In July, the American Wind Energy Association reported that it was having a lousy year. It appears the third quarter of 2010 wasn’t much better.
According to an analysis released on Friday, the trade group reports having its slowest quarter since 2007, adding just 395 megawatts of wind power capacity.
For the year to date, new installations were down 72 percent.
The reasons are many.
For starters, as any number of unemployed Americans can testify, the nation’s economic engines just aren’t humming like they used to, and that means less demand for electricity over all. Natural gas, the chief fossil-fuel competitor to renewable sources of electricity, is also dirt cheap these days, making wind power a tougher sell for cost-conscious utilities and state regulators.
But the wind association — and advocates for increased renewable electricity capacity over all — argue that policy is a problem, too. Despite lots of talk on Capitol Hill about the hazards of fossil fuels, their contribution to climate change and the need for broad, long-term supports for the renewables industry, legislators have failed to reach agreement on what that might look like.
Absent such policies, they argue, investment is riskier, clean power deals are harder to broker and entrenched fossil-fuel sources like coal and natural gas enjoy an advantage.
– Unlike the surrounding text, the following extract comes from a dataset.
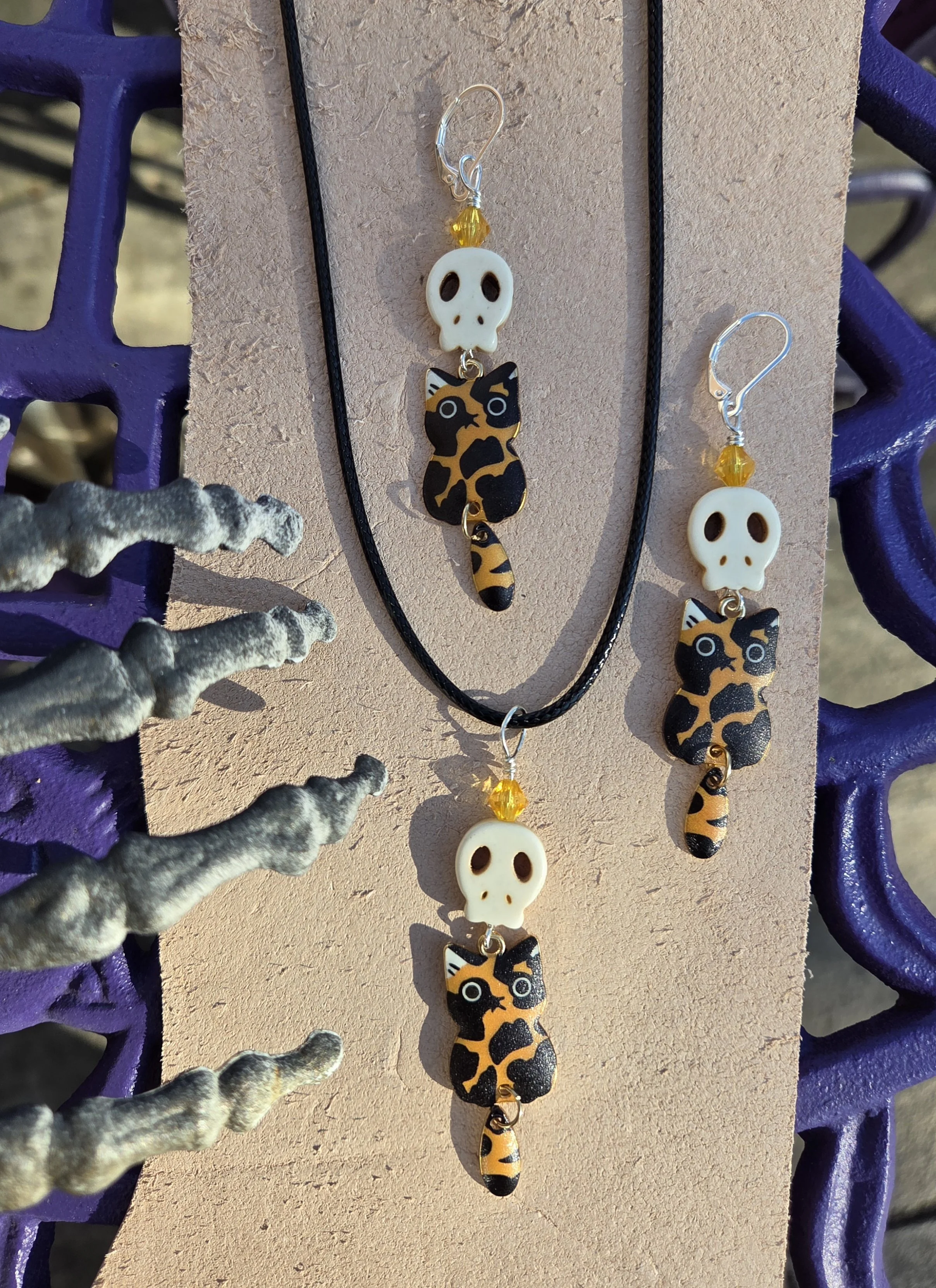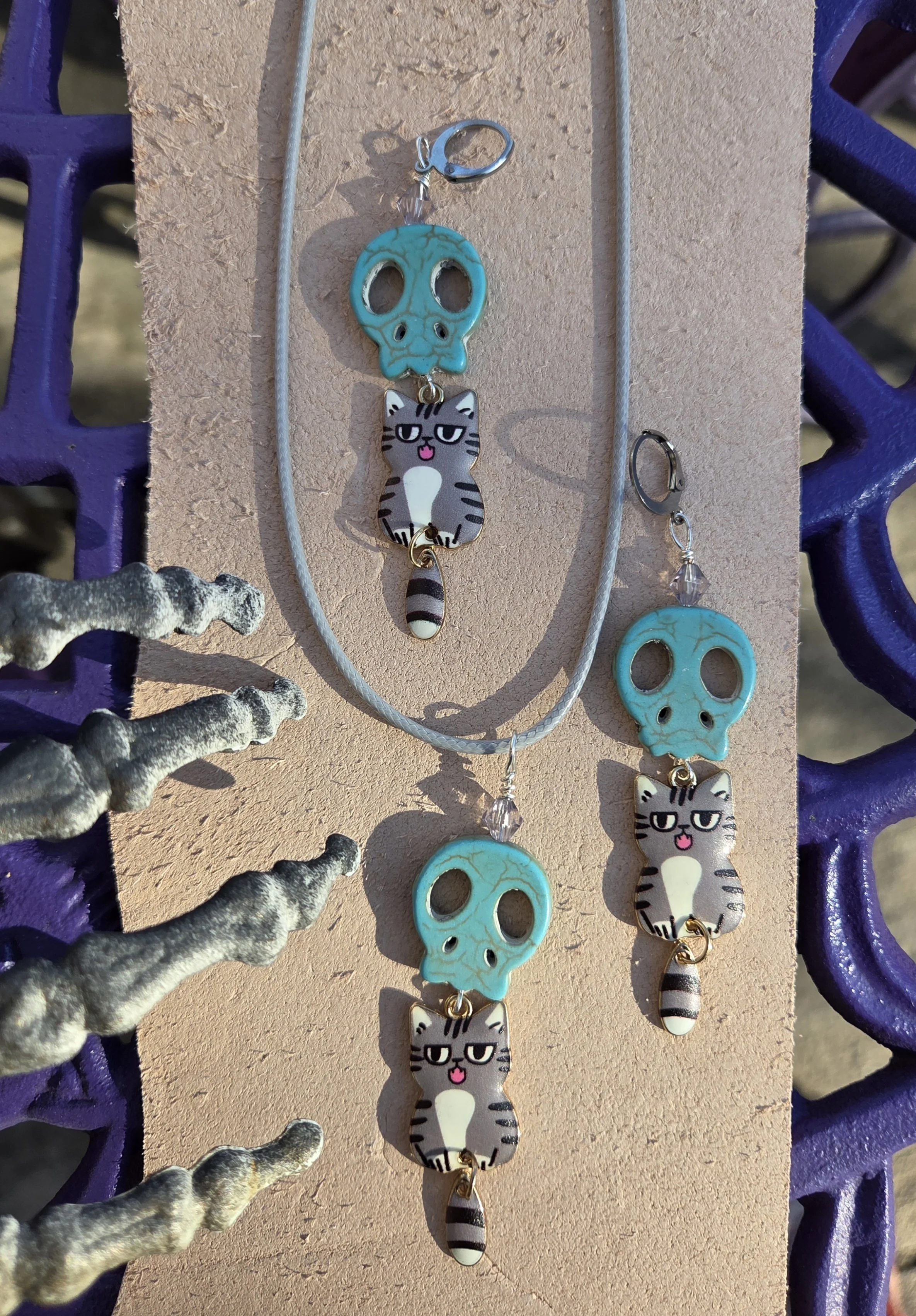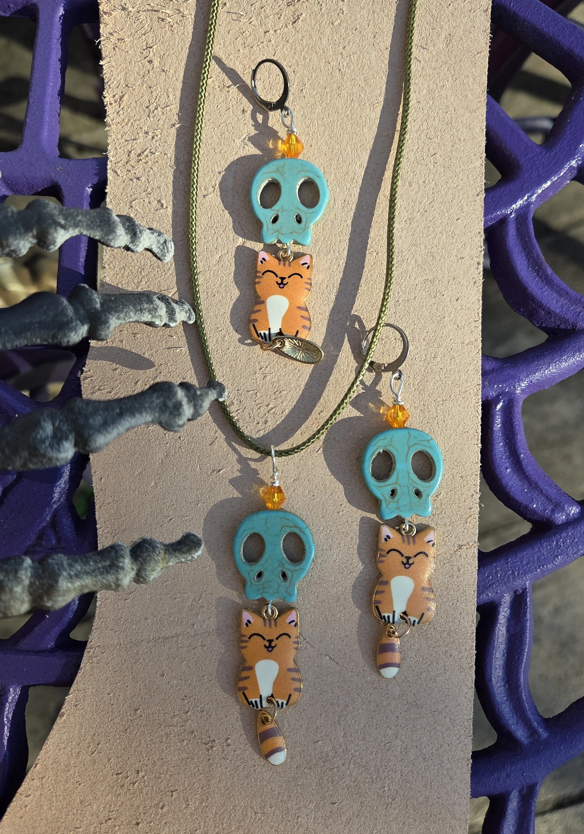 Jewelry Categories: All Rosaries Jewelry Leather Goods Original Paintings All / Dragonfly Kyanite Pendant $20.00 Cute and Spooky Cat Necklace and Earring Set $20.00 Fat Cat and Skulls Necklace and Earrings $20.00 Spooky Fat Cats Necklace and Earrings $20.00
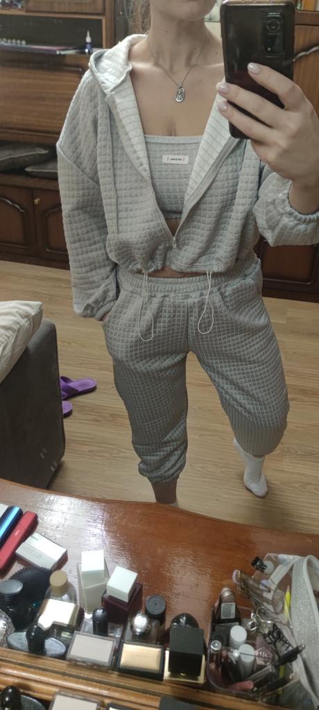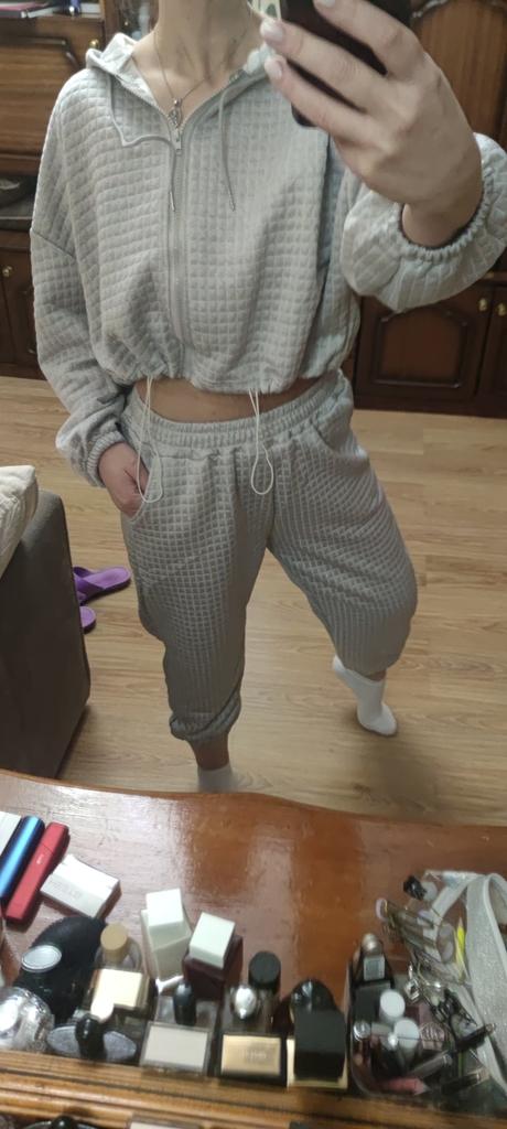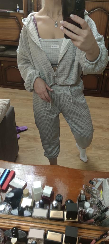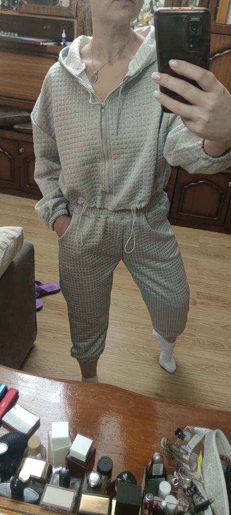 Für meine Größe 46 habe ich eine größere genommen, sie sitzt sehr locker! Mir gefällt es!) Der Stoff ist dicht und weich, das Oberteil ist mir zu groß. Für den Herbst wird es schön sein!

“If federal policymakers do not act quickly to provide investment certainty through a Renewable Electricity Standard, and longer-term tax policy like our competitors enjoy,” Denise Bode, the chief executive of the wind association, said in a prepared statement, “the U.S. wind industry will continue to stall out.”
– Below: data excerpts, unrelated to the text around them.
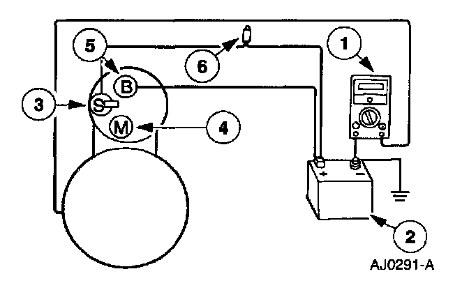 1. Connect the 73 Digital Multimeter positive lead to the starter motor housing (the connection must be clean and free of rust or grease). Connect the negative lead to the negative (-) battery pin.
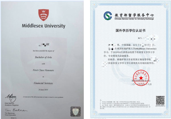 国外大学研究生硕士学位证书与中留服研究生学历认证证书
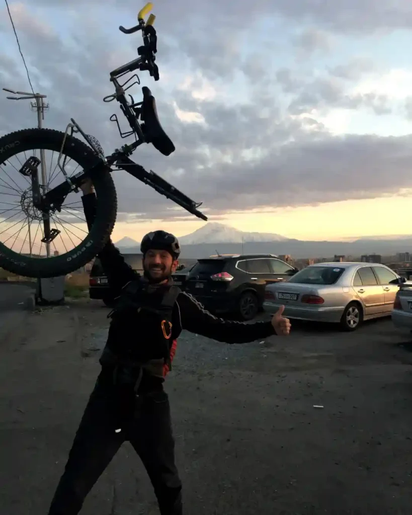 Сам Шахриёр взял колесо в 27,5 дюймов, поскольку, в случае чего, он может легче и быстрее найти покрышку, обод и спицы на необходимый радиус.
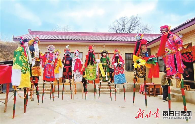 2月25日,在清水县陇东镇赵峡村,社火队员“踩高跷”。新甘肃·甘肃日报通讯员 雷金锋
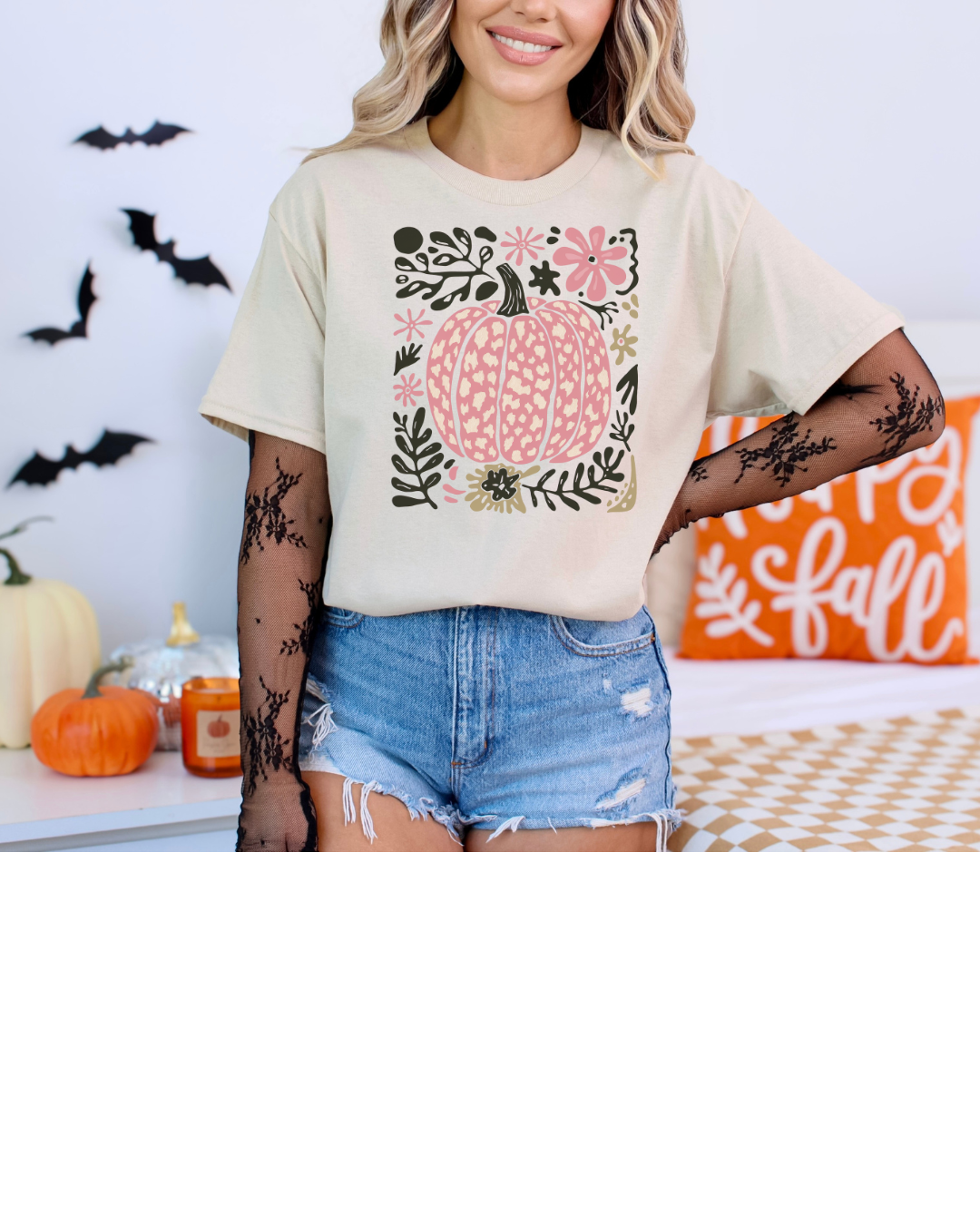 Celebrate fall with a playful twist wearing this natural-colored Bella tee featuring a charming leopard pumpkin design. Perfect for cozy autumn days, it blends seasonal spirit with a fun, trendy pattern that adds a touch of wild style to your wardrobe. Comfortable and stylish, it’s your go-to tee for pumpkin patches, casual outings, or simply embracing the cozy vibes of the season.
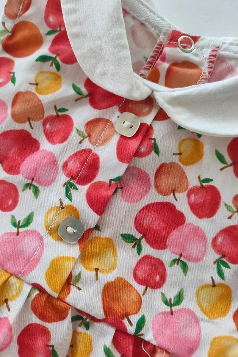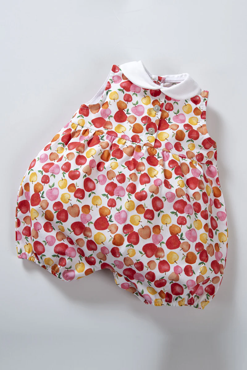 Pagliaccetto spalla larga in tela di cotone fantasia mele con colletto in piquet a navetta, finta apertura sul davanti e taglio con arricciatura
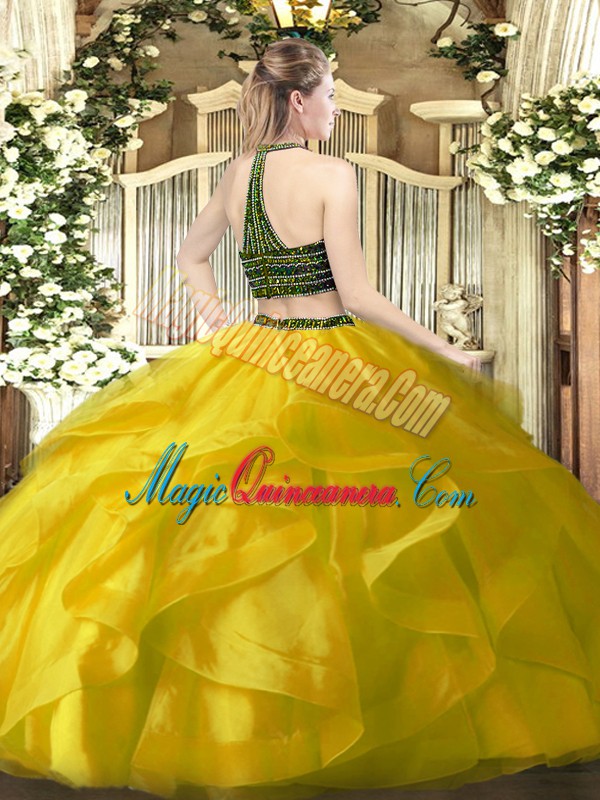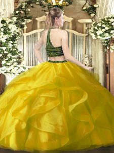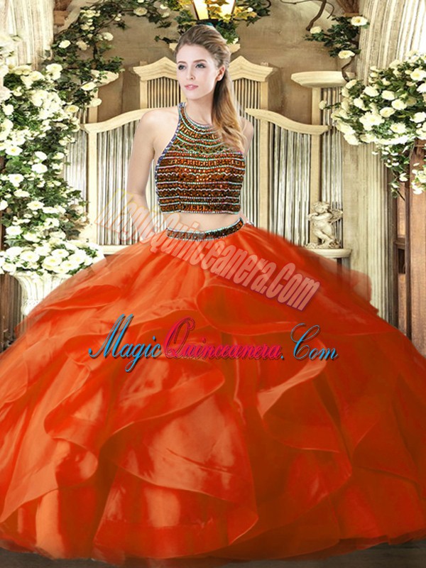 Extravagant Ball Gowns Ball Gown Prom Dress Orange Red Halter Top Organza Sleeveless Floor Length Zipper

Elizabeth Salerno, director of industry data and analysis with the American Wind Energy Association, said in a phone call that state-level policies have helped.
Roughly 30 states have mandatory targets for diversifying their energy portfolios with more renewable power. “They’ve been doing a great job leading the effort to get renewables installed over the past decade,” Ms. Salerno said.
But when demand for power shrinks, she added, the amount of renewable generation required by state mandates gets proportionately smaller, too. “It’s not as aggressive a driver as it normally is,” she said. “And in any case, 30 different programs in 30 different states does not amount to a national signal.”
On a more granular level, the trade group reported some interesting developments — including Oregon’s emergence as the leader in new wind installations for the third quarter, eclipsing Texas, which has long held the top slot.
The reason, the group suggests, is that Texas has hit a transmission wall and is trying to sort out how to get its west Texas wind resources to the load centers in the center of the state.